## GIVEN MATERIAL
- Opening Delimiter -

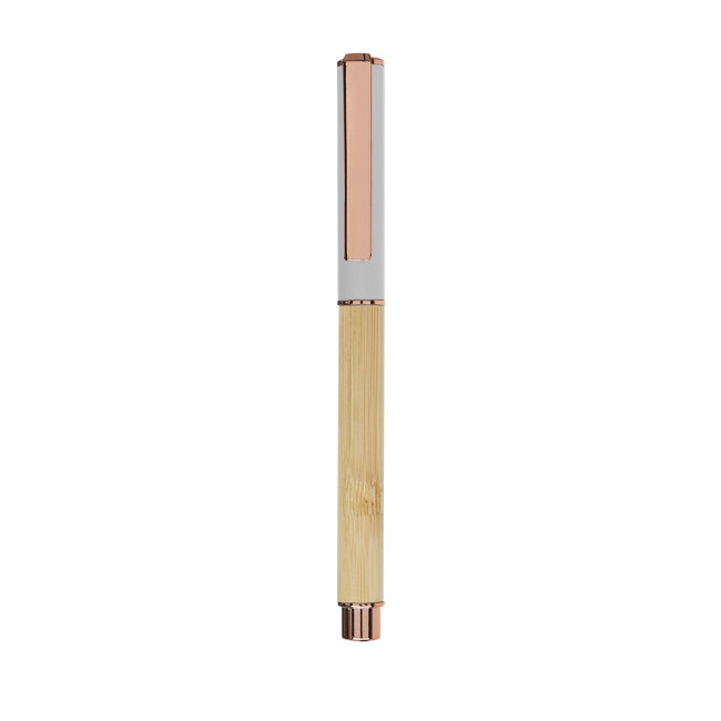 Penna roller Bobbin realizzata in bambù, caratterizzata da un corpo elegante e dettagli in alluminio. La clip in metallo e l'impugnatura cromata in oro rosa conferiscono un tocco di classe. Con cartuccia jumbo e inchiostro blu, è ideale per chi cerca un accessorio di scrittura raffinato.
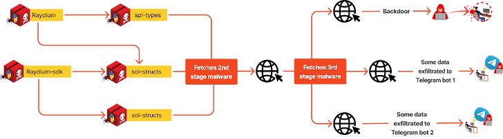 The attack chain spans multiple stages, with the “raydium” package listing “spl-types” as a dependency in an attempt to conceal the malicious behavior and give users the impression that it was legitimate.
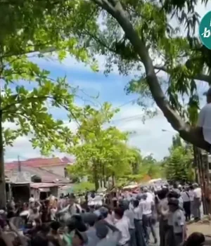 Di tengah kerumunan, seorang siswa terlihat antusias memanjat pohon demi bisa melihat langsung sang presiden. Aksi ini menunjukkan betapa besarnya antusiasme masyarakat, khususnya para pelajar, terhadap sosok Presiden Prabowo.

- Closing Delimiter -

The material is to be written out word for word, and the pictures are to be left out.

## SOLUTION
 Penna roller Bobbin realizzata in bambù, caratterizzata da un corpo elegante e dettagli in alluminio. La clip in metallo e l'impugnatura cromata in oro rosa conferiscono un tocco di classe. Con cartuccia jumbo e inchiostro blu, è ideale per chi cerca un accessorio di scrittura raffinato.
 The attack chain spans multiple stages, with the “raydium” package listing “spl-types” as a dependency in an attempt to conceal the malicious behavior and give users the impression that it was legitimate.
 Di tengah kerumunan, seorang siswa terlihat antusias memanjat pohon demi bisa melihat langsung sang presiden. Aksi ini menunjukkan betapa besarnya antusiasme masyarakat, khususnya para pelajar, terhadap sosok Presiden Prabowo.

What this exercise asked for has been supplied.